In addition to culturing and PCR-based identification methods, NGS-based approaches to sample characterization are gaining traction, namely whole genome sequencing of isolates and taxonomic profiling of bacterial communities. Food quality laboratories are now routinely equipped with desktop sequencing machines from Illumina or Ion Torrent and portable devices from Oxford Nanopore to provide the sequences.

Taxonomic profiling of the bacterial community can involve sampling and sequencing DNA using whole metagenome shotgun approaches, either with or without an intercalated PCR amplification step of the 16S rRNA genes. The bioinformatics pipelines for the NGS data analysis vary according to the approach taken (Jagadeesan et al., 2019).

Whole genome sequencing

Whole genome sequencing (WGS) of isolates consists of quality control, read trimming and assembly, bacterial characterization, strain typing, antimicrobial resistance characterization, variant calling, phylogenetic analysis and visualization tasks.

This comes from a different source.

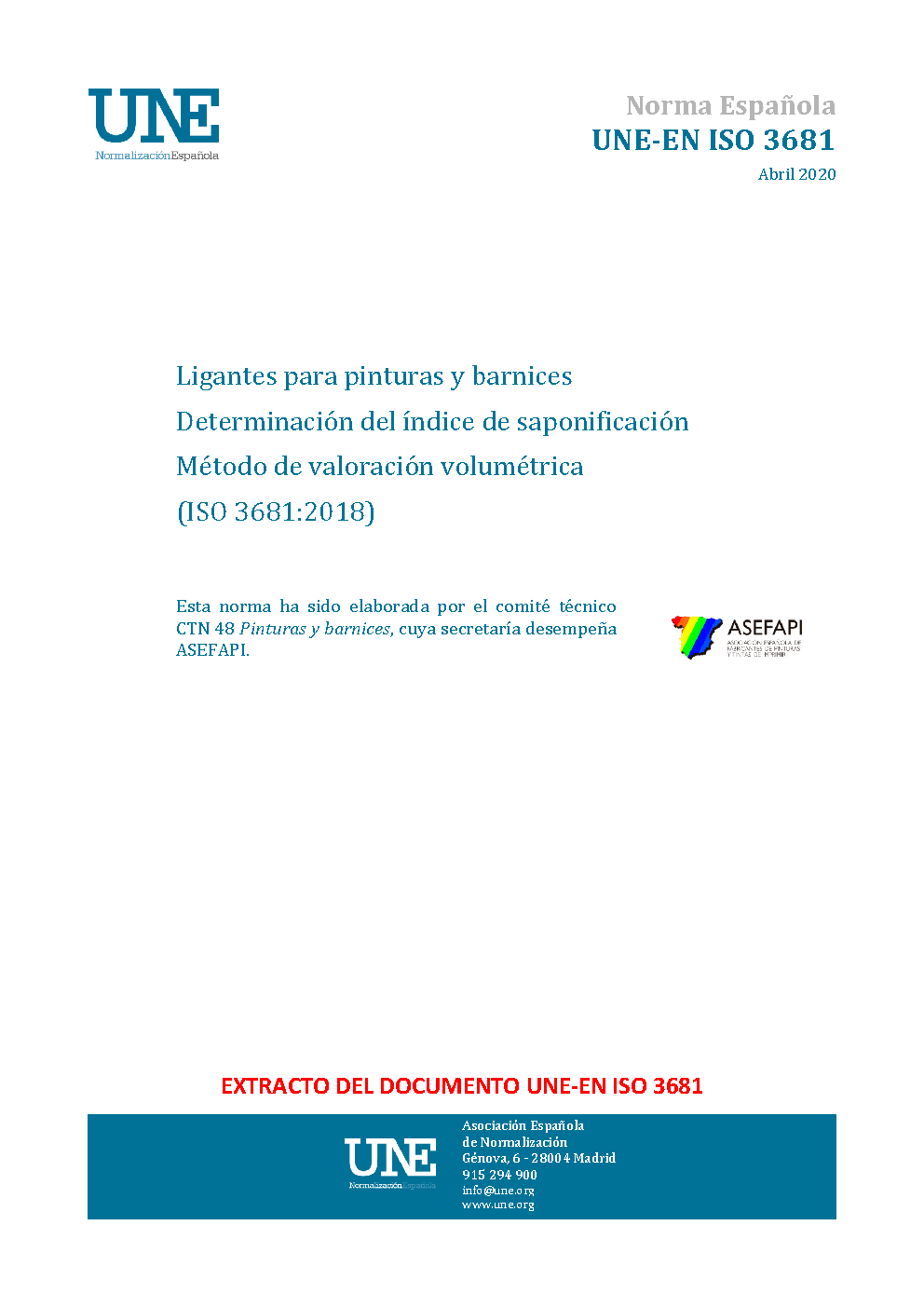 BINDERS FOR PAINTS AND VARNISHES. DETERMINATION OF SAPONIFICATION VALUE. TITRIMETRIC METHOD. (ISO 3681:1996).
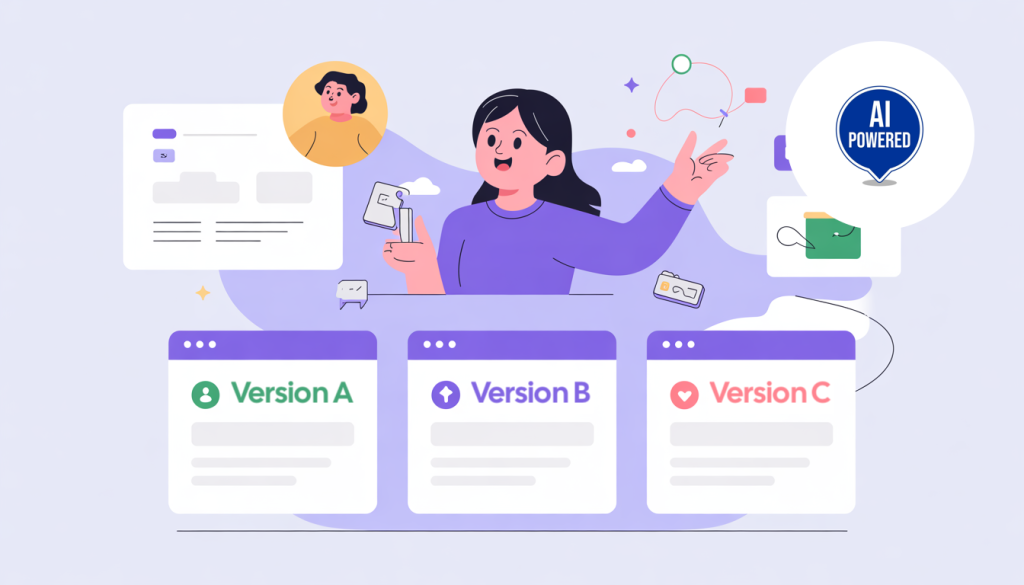 - Pruebas A/B sin esfuerzo: Tres versiones compiten simultáneamente. Tú solo inyectas tráfico (Google Ads, Meta, etc.) y la IA hace el resto.

A recent German consortium effort for genome-based surveillance of Salmonella enterica isolates using Illumina sequencing technology lists 15 open-source bioinformatics software tools needed for the WGS analysis, whereas a recent paper by the Institute of Food Safety and Analytical Sciences, Nestlé Research, lists 13 tools for their corresponding pipeline. Web-based bioinformatics services tailored to the NGS analysis of food-borne pathogens include the US-based GenomeTrakr and the Danish Evergreen pipelines. For non-bioinformatician food scientists and microbiologists, it is time-consuming and impractical to learn these programs, let alone installing, tying together, version-controlling and maintaining them. Instead, a single, integrated platform that is easy to use, install and maintain is much preferred. QIAGEN CLC Genomics Workbench Premium has tailored tools for all steps along the pipeline and is designed for bench scientists to use without bioinformatics expertise. Workflows that tie these steps together are also available so that execution is as simple as clicking a few mouse-clicks using the graphical user interface. Scaling to enterprise levels is relatively straightforward with the QIAGEN CLC Genomics Server or QIAGEN CLC Genomics Cloud Engine software.

 

Figure 1. A schematic workflow for the analysis of NGS reads generated by whole genome sequencing of isolates.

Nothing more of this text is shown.